Я знал, что даже с кислородом не протяну долго. Мы находились на высоте, приспосабливаться к которой мне следовало неделями. Двигаясь как можно осторожнее, я старался беречь силы, но мое состояние определенно ухудшалось.
Возникли новые видения — явно не моего разума. Я стоял на балконе, и тысячи славили меня. Повсюду толпились лисы, украшенные золотыми галунами, клепаными ремнями, церемониальными мечами и поясами, которые сверкали крошечными огоньками. Кое-какие, очевидно, украсили свой мех зеленым, пурпурным, синим и желтым орнаментом.
Ангелика застыла возле альтиметра, все еще постукивая по отметке восемь миль.
Не с нашей планеты, теперь это очевидно. Без кислородного шланга она на большой высоте должна была потерять сознание, а такой оживленной и деловитой я ее еще не видел.
Чуждые образы все еще затопляли мой разум. Ангелика находилась в зале суда, мех заседателей был выкрашен черным. Многие лисы указывали на нее то угрожающе, то умоляюще. Не знаю как, но я понимал ход беззвучного разбирательства. Воздух Земли — тяжелый и перегруженный кислородом — стал ее темницей. Слишком много кислорода, слишком высокое давление, слишком жарко. На уровне моря она пребывала в ступоре: изощренное наказание, словно ты постоянно и безнадежно пьян.
Альтиметр указывал, что мы превысили порог в шесть миль, когда ее случайные мысли перестали захлестывать мой мозг. Явное облегчение, но теперь у меня возникли трудности с управлением аппаратом, который поддерживал мою жизнь. И опять-таки повезло, потому что устройство функционировало в точности так, как было задумано. Когда я в следующий раз проверил альтиметр, мы миновали семь миль.
Трудно передать ощущение безмятежности на семи милях над английскими полями. Здесь нет ни птиц, ни насекомых, даже верхушки облаков кажутся маленькими и далекими. Звуки, которые до меня доносились, приглушены разреженным воздухом. И очень, очень холодно. Хотя на мне подбитые мехом пальто и рукавицы, холод проникает сквозь одежду ледяными иглами.
Вот вам первый человек, увидевший небо с подобной высоты! Каждый вдох давался с трудом, хотя чистый кислород поступал мне в рот через трубку. Мысли Ангелики снова просочились в мозг. Уже не случайные обрывки воспоминаний, когда ее разум выходил из тумана на уровне моря, но отчетливые, сфокусированные образы. Она что-то пыталась мне сообщить. Струйка превратилась в поток.
Последний раз я глянул на альтиметр на восьми милях. Мы всё поднимались. Вероятно, где-то на сорок пять тысяч футов. Чужие мысли затопляли мой разум: спецификации, философия, постулаты, сопротивление материалов, законы, ограничения, битвы, почести, поражения. Ангелика теперь управляла аппаратом, а я съежился на дне корзины, прижав трубку ко рту.
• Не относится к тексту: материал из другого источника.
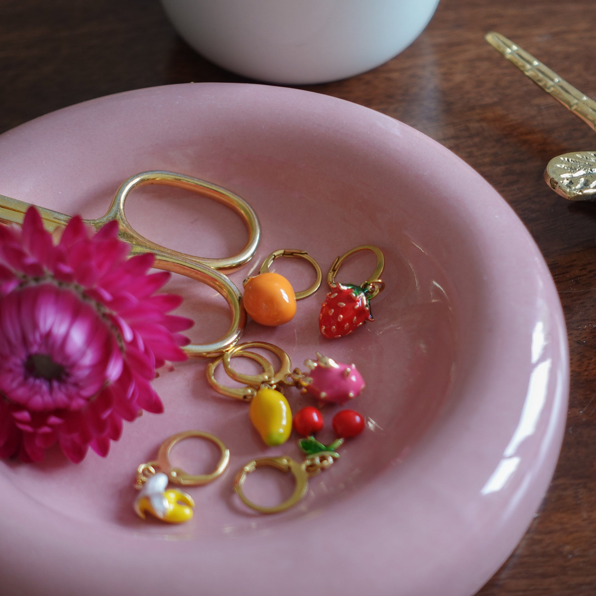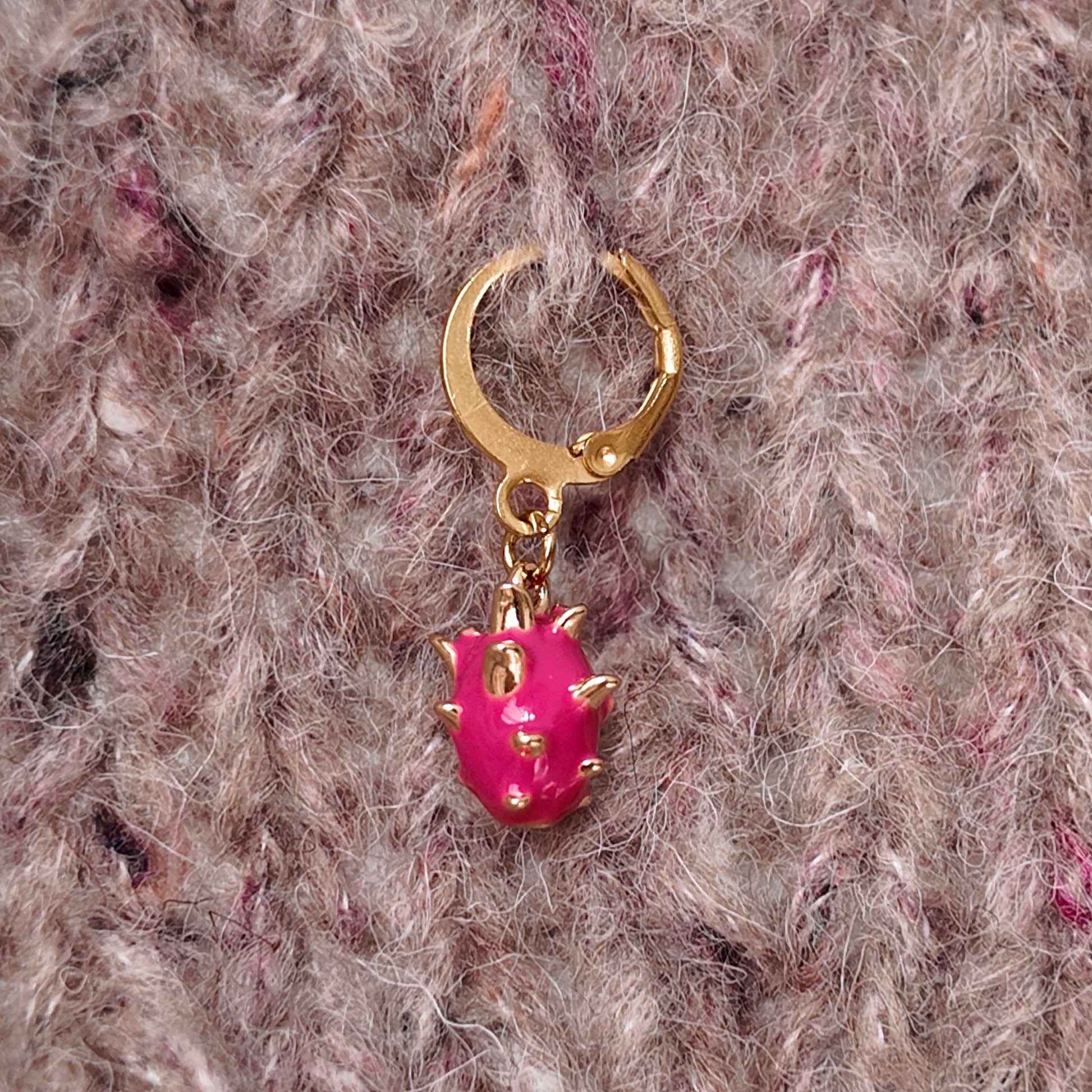 Maschenmarkierer Drachenfrucht mit Klappverschluss. 3cm lang inkl. Verschluss.

Осталась одна, последняя, банка с перекисью водорода, когда Ангелика вдруг посмотрела на меня. Ее лицо словно бы оделось ореолом вспыхнувшего света, и вокруг нас затрещали пурпурные разряды. Только я успел подумать, не воспламенят ли электрические искры водород в баллонете над нами, как взорвалась вспышка самого яркого и чистого белого света, какой только можно вообразить.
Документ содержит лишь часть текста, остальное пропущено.